This module looks at a group of politically inspired literary texts, comics and films, some of which were produced under the totalitarian regimes which held sway in Europe between 1917 and 1989. Others deal with the Middle East conflict, and the Islamic revolution in Iran and Mao's Cultural Revolution in China, or power relations in other contexts. Most explore ways of challenging and subverting authoritarian power structures and of articulating a critique in what Bertolt Brecht called 'dark times’. But we also focus on less obvious negotiations of fiction and power, especially with respect to the various forms of power to which these texts are subject, in which they participate, and on which they reflect metafictionally. The approach is comparative in various ways as the texts range historically and culturally, as well as across genres and language barriers (Arab, Czech, English, French, German, Italian, Greek, Polish, Russian and Chinese).
Total Contact Hours: 40
Method of assessment
Essay 1 (3,000 words) – 40%
Essay 2 (3,000 words) – 40%
Presentation (20 minutes) – 20%
Indicative Reading List
Grant, L. (2000). When I Lived in Modern Times. London: Granta Publications.
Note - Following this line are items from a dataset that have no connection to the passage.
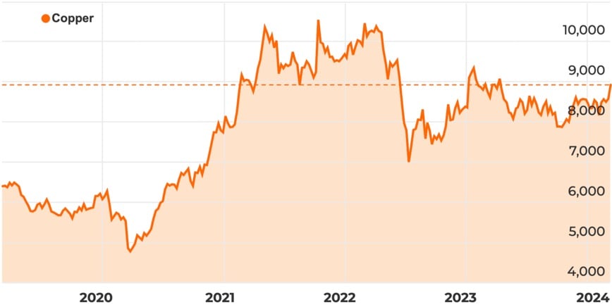 In the lead up, copper prices are tipped to hit as high as $13,000/t this year.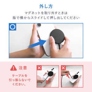 マグネット面とケーブル部分は、弊社独自の厳しい条件下で5万回の屈曲試験を行っても断線が見られなかった耐久性を誇ります。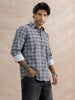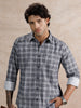 Textured Printed Checks Regular Fit Shirt | Navy Blue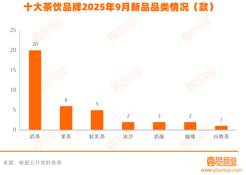 在茶饮赛道,热饮属性更强的奶茶品类迎来了爆发式增长。9月共推出21款奶茶新品,占新品总数的52.6%,成为绝对的主导;果茶与轻乳茶则分别上新6款和5款,各自占比15.7%与13.1%。这与8月仅有6款奶茶新品,占比14.6%的情况,形成鲜明对比,显示出品牌策略随季节变化已作出明显调整。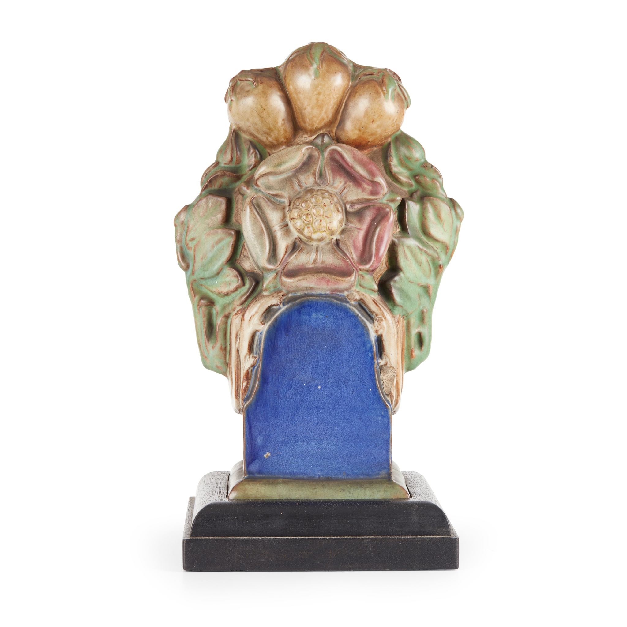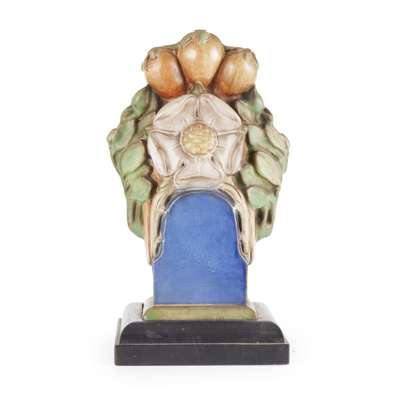 All the post finials and relief panels were made by Royal Doulton between 1931 and 1938 and, as well as at Somerstown the Society, Doulton commissioned these embellishments by Bayes at their other London projects. This Rose finial, for example, was used at the York Rise Estate (1937-8) near Highgate Hill and the Ship finials at St. Francis and St. Martins flats.

Hanne, M. (1994/1996). "Narrative and Power", in: The Power of the Story. Fiction and Political Change. Rev. ed. Providence, RI: Berghahn.
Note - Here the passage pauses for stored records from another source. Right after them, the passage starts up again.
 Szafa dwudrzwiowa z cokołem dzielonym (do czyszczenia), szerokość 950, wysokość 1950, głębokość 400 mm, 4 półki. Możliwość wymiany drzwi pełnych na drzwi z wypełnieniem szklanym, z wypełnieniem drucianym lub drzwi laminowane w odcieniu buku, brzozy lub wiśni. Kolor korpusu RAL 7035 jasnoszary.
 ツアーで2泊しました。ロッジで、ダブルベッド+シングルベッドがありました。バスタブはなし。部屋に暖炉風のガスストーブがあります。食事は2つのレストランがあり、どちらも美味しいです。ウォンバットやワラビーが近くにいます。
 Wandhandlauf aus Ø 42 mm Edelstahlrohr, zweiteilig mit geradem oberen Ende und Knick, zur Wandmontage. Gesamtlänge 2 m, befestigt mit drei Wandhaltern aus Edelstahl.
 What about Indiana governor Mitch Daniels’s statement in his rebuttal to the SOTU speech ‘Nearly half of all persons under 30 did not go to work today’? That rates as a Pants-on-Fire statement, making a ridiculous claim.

Ionesco, E. (2015) (1959). Rhinoceros (Rhinoceros and Other Plays). Trans. Derek Prouse. New York: Grove Press.
Kundera, M. (1995) (1984). The Unbearable Lightness of Being. Trans. Michael Henry Heim. London: Faber and Faber.
Satrapi, M. (2008) (2003). Persepolis. Trans. Anjali Singh. London: Vintage.
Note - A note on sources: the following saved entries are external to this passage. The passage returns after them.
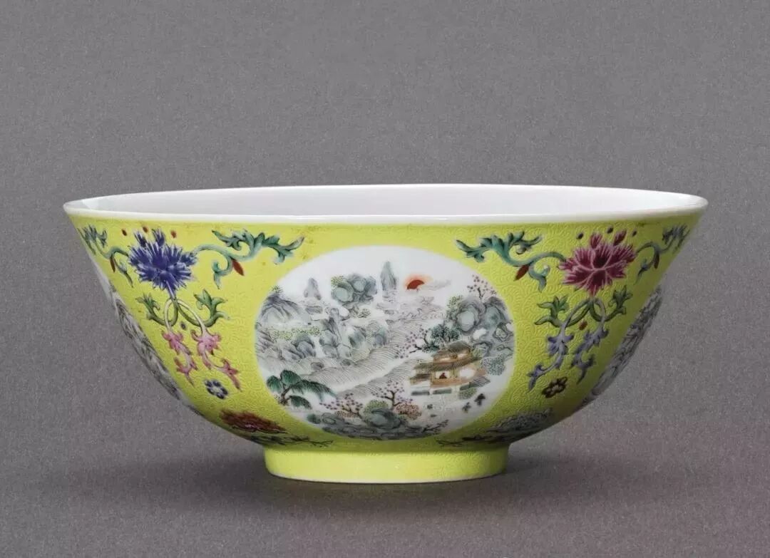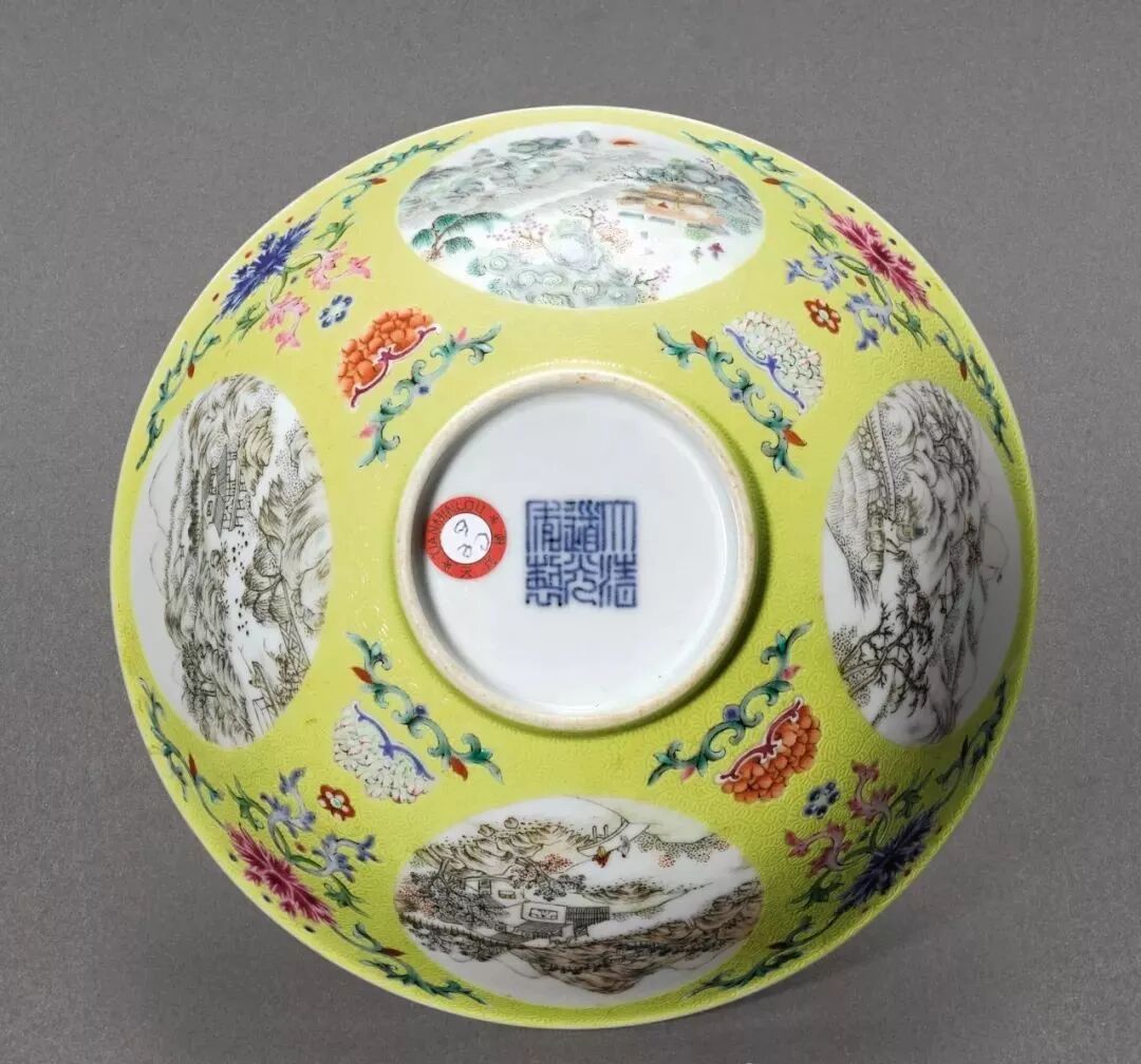 清道光 粉彩黄地轧道开光山水图碗(16万)
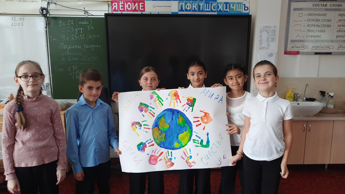 На классном часе, посвящеггом Дню мира ребята выясняли, в чём сила дружбы, которая приводит к миру. Отвечали на вопрос: - Что же такое дружба?Зачем нужен мир? Как стать дружелюбным? В конце классного часа ребята нарисолвали плакат, посвященный миру, дружбе, улыбкам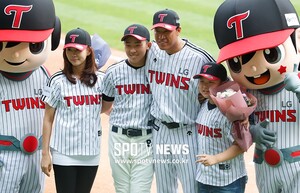[스포티비뉴스=잠실, 한희재 기자] LG 트윈스와 한화 이글스의 2017 KBO 리그 경기가 열리는 9일 오후 LG 이병규의 은퇴식이 진행됐다. 이병규가 가족과 기념촬영을 하고 있다.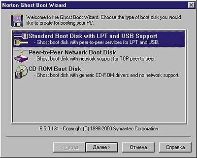 Архив диска, образуемый Ghost, может располагаться на другом логическом диске, на носителе, подключаемом к LPT или USB-порту, на записываемом CD-ROM и даже на другом компьютере в локальной сети. Для каждого конкретного случая нужно готовить свою загрузочную дискету либо с поддержкой локальной сети, либо с возможностью работать с CD-ROM или USB- и LPT-устройствами. Это позволяет также использовать Norton Ghost для быстрой инсталляции и ОС, и набора прикладных программ.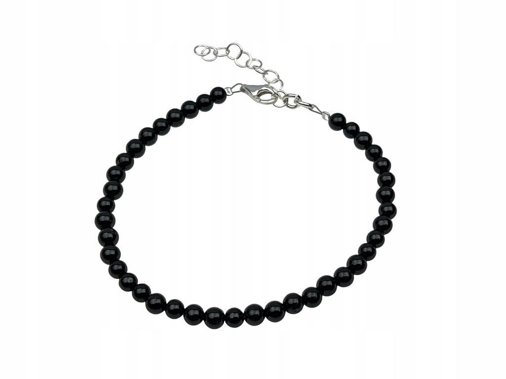 Bransoletka składająca się z kamiennych, okrągłych koralików naturalnego Turmalinu Czarnego. Kamyczki umocowane są na srebrną linkę (próba 925). Dzięki srebrnemu łańcuszkowi bransoletka zyskuje elegancji i będzie pasowała na każdy nadgarstek. Idealny element w codziennej stylizacji.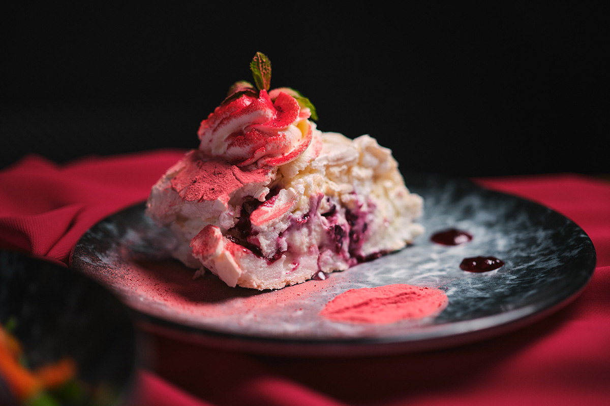 - Десерт «Поцелуй Маргариты» (меренговый рулет с чёрной смородиной, джемом из ежевики и свежими ягодами)

Sijie, D. Balzac and the Little Chinese Seamstress (2000)
Solzhenitsyn, A. (2000) (1962) A Day in the Life of Ivan Denisovich. Trans. Ralph Parker. London: Penguin.
See the library reading list for this module (Canterbury)
On successfully completing the module Level 5 students will be able to:
Demonstrate awareness of and ability to analyse discursive power relations (political, ethnic, gendered, etc.);
Demonstrate an understanding of the interplay between ideology and the imagination, politics and literature;
Demonstrate an understanding of the interrelation of fact and fiction;
Demonstrate an understanding of literature in its function as a catalyst and product of identity formation;
Demonstrate an awareness of literature in its function as a vehicle of cultural self-reflection;
Select and synthesise complex material and develop and defend arguments both in class and in writing in a comparative context;
Demonstrate an improved ability to undertake the comparative analysis of literature.